→ Dataset extract:
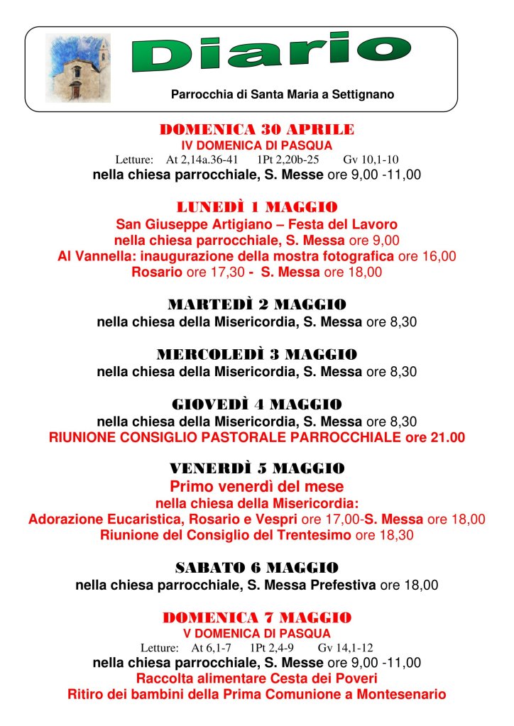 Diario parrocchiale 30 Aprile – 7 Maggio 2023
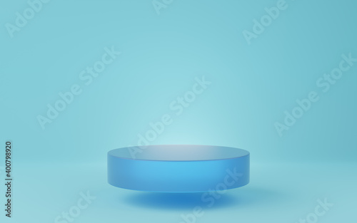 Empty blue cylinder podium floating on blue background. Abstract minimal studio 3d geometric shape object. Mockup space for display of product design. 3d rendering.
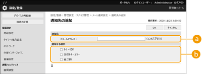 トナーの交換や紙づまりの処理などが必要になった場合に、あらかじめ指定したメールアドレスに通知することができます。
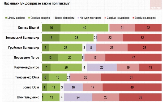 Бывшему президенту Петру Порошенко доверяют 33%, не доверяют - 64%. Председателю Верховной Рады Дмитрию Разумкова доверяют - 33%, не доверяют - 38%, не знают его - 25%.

→ Directions:
Going from the line with "Empty blue cylinder" to the last line of the listing, write out each line exactly and nothing else. Leave out all pictures.

→ Output for this exercise:
 Empty blue cylinder podium floating on blue background. Abstract minimal studio 3d geometric shape object. Mockup space for display of product design. 3d rendering.
 トナーの交換や紙づまりの処理などが必要になった場合に、あらかじめ指定したメールアドレスに通知することができます。
 Бывшему президенту Петру Порошенко доверяют 33%, не доверяют - 64%. Председателю Верховной Рады Дмитрию Разумкова доверяют - 33%, не доверяют - 38%, не знают его - 25%.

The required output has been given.